- _Task goal_
Copy out the data below from the line containing "데우지 마세요. | |" to the line containing "First you will", both lines included, with all images left out.

- _Source information_

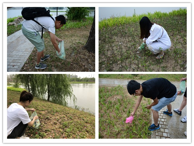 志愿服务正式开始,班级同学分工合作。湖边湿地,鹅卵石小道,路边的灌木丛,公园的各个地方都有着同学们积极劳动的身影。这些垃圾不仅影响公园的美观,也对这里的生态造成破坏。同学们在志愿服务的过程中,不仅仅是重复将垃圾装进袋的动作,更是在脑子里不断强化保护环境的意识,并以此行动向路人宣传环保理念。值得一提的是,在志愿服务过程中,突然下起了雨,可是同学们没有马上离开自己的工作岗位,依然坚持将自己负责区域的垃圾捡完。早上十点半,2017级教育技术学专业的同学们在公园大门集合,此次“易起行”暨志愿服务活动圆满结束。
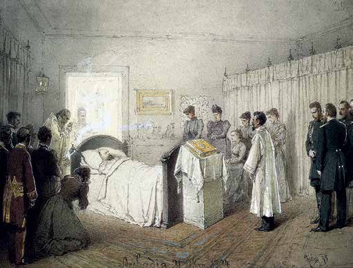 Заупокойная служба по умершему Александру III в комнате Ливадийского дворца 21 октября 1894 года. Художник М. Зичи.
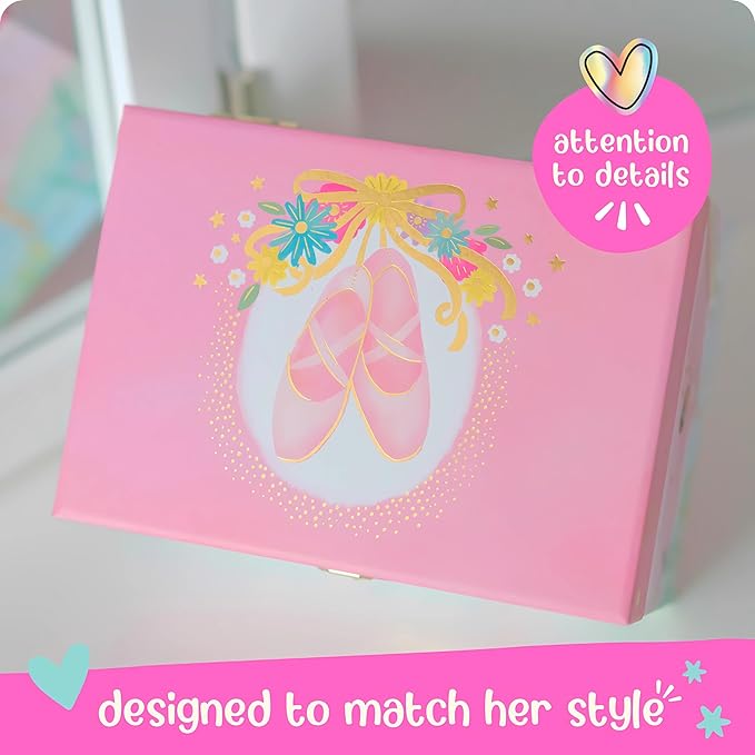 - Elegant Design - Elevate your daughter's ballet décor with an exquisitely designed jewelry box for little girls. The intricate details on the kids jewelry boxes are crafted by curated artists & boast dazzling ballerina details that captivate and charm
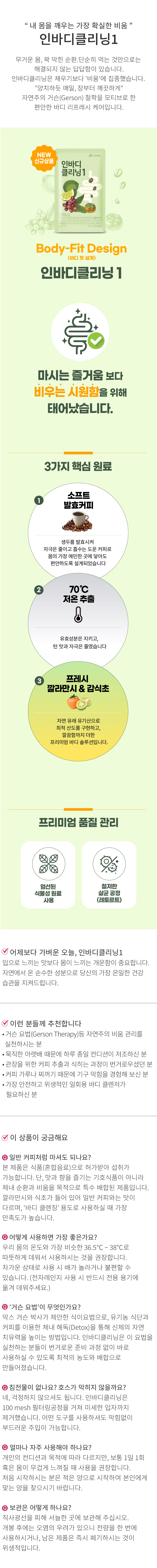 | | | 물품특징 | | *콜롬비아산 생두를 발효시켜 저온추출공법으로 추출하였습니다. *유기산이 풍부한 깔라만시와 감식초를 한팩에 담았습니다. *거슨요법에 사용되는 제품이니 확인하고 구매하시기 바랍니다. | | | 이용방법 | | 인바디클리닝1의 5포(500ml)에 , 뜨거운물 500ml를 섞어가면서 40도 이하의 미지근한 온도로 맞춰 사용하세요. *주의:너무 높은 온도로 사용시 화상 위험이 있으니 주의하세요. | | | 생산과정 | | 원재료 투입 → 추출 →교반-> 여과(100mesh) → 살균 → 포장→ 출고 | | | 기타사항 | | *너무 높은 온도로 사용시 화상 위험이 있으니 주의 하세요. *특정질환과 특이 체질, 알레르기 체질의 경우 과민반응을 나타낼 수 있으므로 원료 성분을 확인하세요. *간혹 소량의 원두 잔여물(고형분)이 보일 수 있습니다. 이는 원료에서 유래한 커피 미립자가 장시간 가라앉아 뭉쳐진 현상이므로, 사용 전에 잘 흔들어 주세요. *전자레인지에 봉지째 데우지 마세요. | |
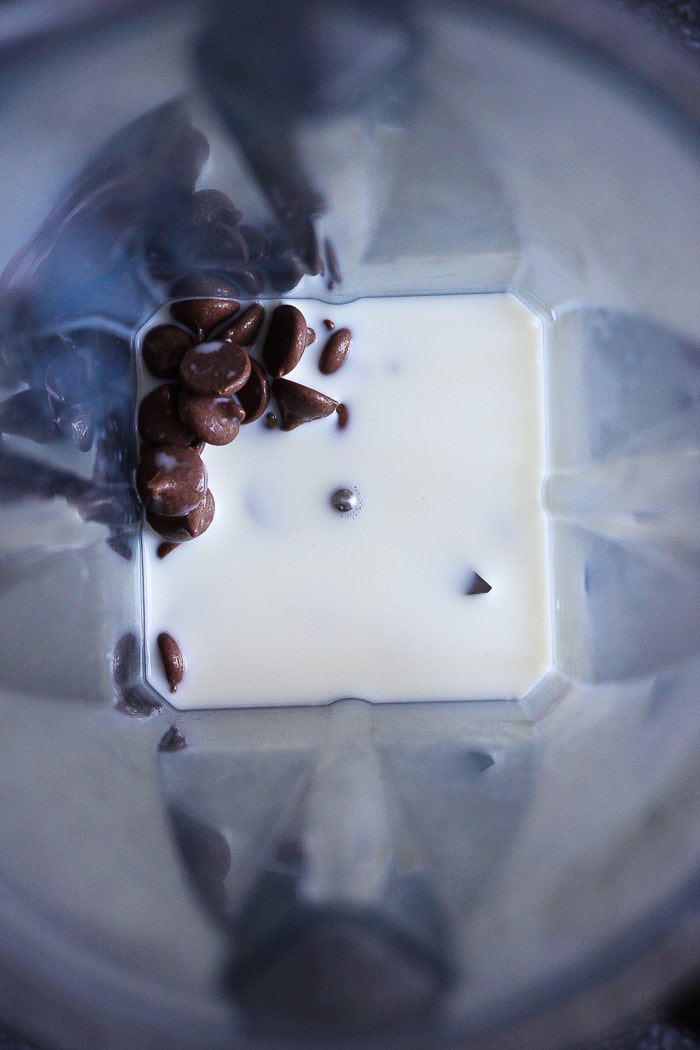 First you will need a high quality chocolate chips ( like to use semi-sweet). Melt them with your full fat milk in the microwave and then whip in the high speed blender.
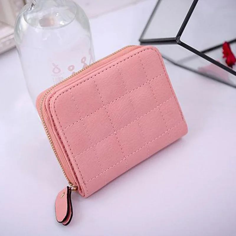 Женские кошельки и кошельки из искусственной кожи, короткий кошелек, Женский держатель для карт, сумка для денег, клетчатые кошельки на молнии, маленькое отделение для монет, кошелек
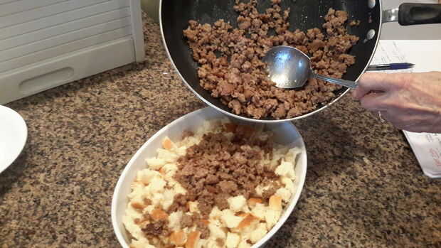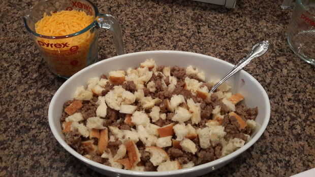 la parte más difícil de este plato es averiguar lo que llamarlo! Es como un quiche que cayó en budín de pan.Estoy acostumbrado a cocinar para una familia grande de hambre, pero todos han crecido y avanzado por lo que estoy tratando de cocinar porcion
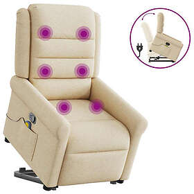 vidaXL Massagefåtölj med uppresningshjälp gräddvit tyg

- _Exercise response_
 | | | 물품특징 | | *콜롬비아산 생두를 발효시켜 저온추출공법으로 추출하였습니다. *유기산이 풍부한 깔라만시와 감식초를 한팩에 담았습니다. *거슨요법에 사용되는 제품이니 확인하고 구매하시기 바랍니다. | | | 이용방법 | | 인바디클리닝1의 5포(500ml)에 , 뜨거운물 500ml를 섞어가면서 40도 이하의 미지근한 온도로 맞춰 사용하세요. *주의:너무 높은 온도로 사용시 화상 위험이 있으니 주의하세요. | | | 생산과정 | | 원재료 투입 → 추출 →교반-> 여과(100mesh) → 살균 → 포장→ 출고 | | | 기타사항 | | *너무 높은 온도로 사용시 화상 위험이 있으니 주의 하세요. *특정질환과 특이 체질, 알레르기 체질의 경우 과민반응을 나타낼 수 있으므로 원료 성분을 확인하세요. *간혹 소량의 원두 잔여물(고형분)이 보일 수 있습니다. 이는 원료에서 유래한 커피 미립자가 장시간 가라앉아 뭉쳐진 현상이므로, 사용 전에 잘 흔들어 주세요. *전자레인지에 봉지째 데우지 마세요. | |
 First you will need a high quality chocolate chips ( like to use semi-sweet). Melt them with your full fat milk in the microwave and then whip in the high speed blender.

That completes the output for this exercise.